- _STORED DATA_
○ ○ ○ ○ ○

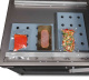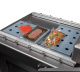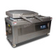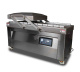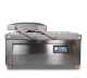 Вакуумные камеры и корпус выполнены полностью из нержавеющей стали марки SUS304. Установлен мощный насос промышленного типа мощностью 63 м³ /час (возможна комплектация немецким насосом BUSCH). Наличие двух рабочих камер и двух запаечных планок в каждой камере существенно ускоряет рабочий процесс — пока в одной камере идет заполнение вакуумом (газом) и запайка, в соседней оператор готовит к упаковке следующую партию продукта. Благодаря двойному flip-механизму перекидная крышка легко перемещается с одной камеры на другую. Опционально аппарат может быть дооснащен функцией автоматического закрытия крышки.
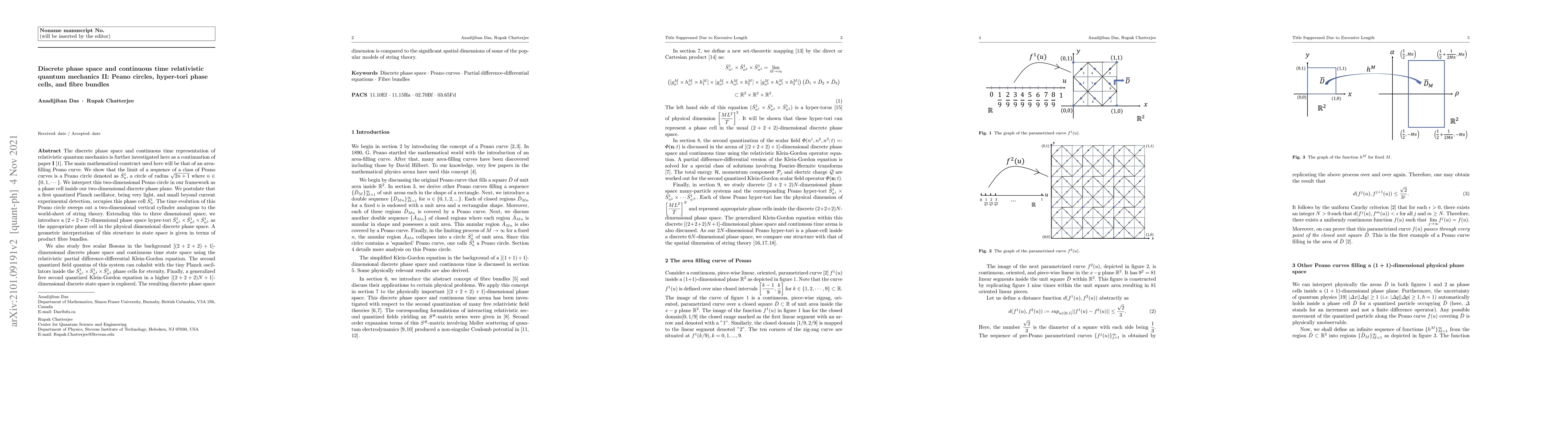 This paper extends the study of relativistic quantum mechanics in a discrete phase space and continuous time, employing Peano curves to construct phase cells. It introduces Peano circles and hyper-tori as phase cells for Planck oscillators and free scalar Bosons, respectively, and explores their geometric interpretation through fibre bundles and the Klein-Gordon equation in higher-dimensional discrete state spaces.
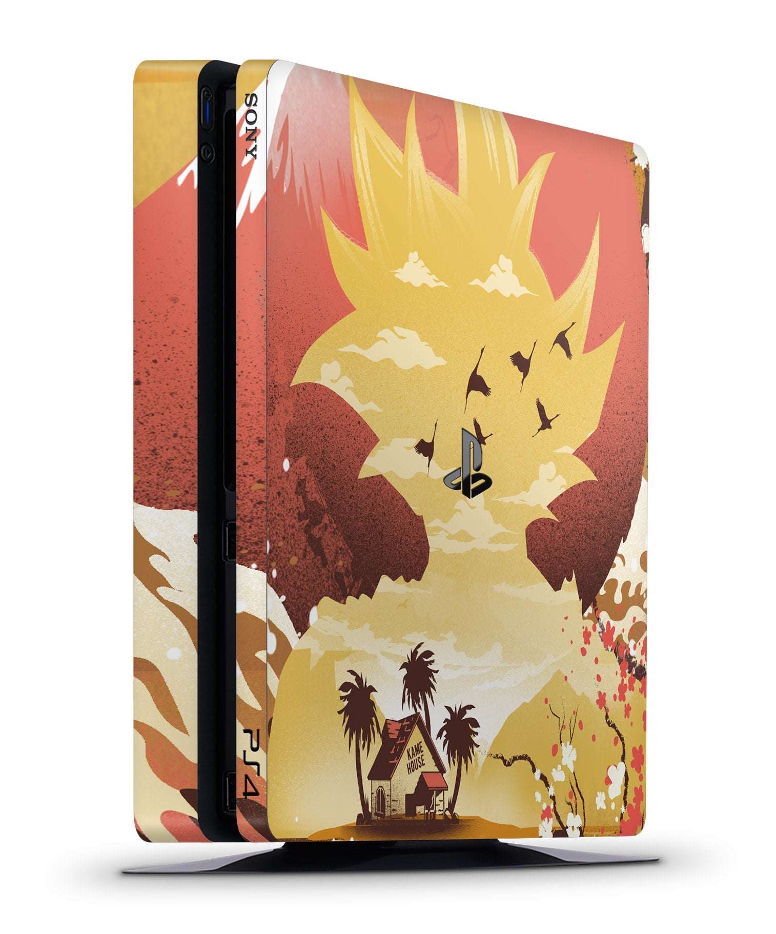 Transform your PS4 Slim in minutes with this full-coverage (including the bottom), originally designed console cover featuring original art by Dandingeroz inspired by DBZ. Our GameVinyl console wraps for Sony PlayStation 4 Slim are made in the USA and protect your console from scratches, dust and stains while making it look absolutely awesome.

○ ○ ○ ○ ○

Give back the material exactly as written, from its first line to the line that contains "This paper extends", and leave out the pictures.

 Вакуумные камеры и корпус выполнены полностью из нержавеющей стали марки SUS304. Установлен мощный насос промышленного типа мощностью 63 м³ /час (возможна комплектация немецким насосом BUSCH). Наличие двух рабочих камер и двух запаечных планок в каждой камере существенно ускоряет рабочий процесс — пока в одной камере идет заполнение вакуумом (газом) и запайка, в соседней оператор готовит к упаковке следующую партию продукта. Благодаря двойному flip-механизму перекидная крышка легко перемещается с одной камеры на другую. Опционально аппарат может быть дооснащен функцией автоматического закрытия крышки.
 This paper extends the study of relativistic quantum mechanics in a discrete phase space and continuous time, employing Peano curves to construct phase cells. It introduces Peano circles and hyper-tori as phase cells for Planck oscillators and free scalar Bosons, respectively, and explores their geometric interpretation through fibre bundles and the Klein-Gordon equation in higher-dimensional discrete state spaces.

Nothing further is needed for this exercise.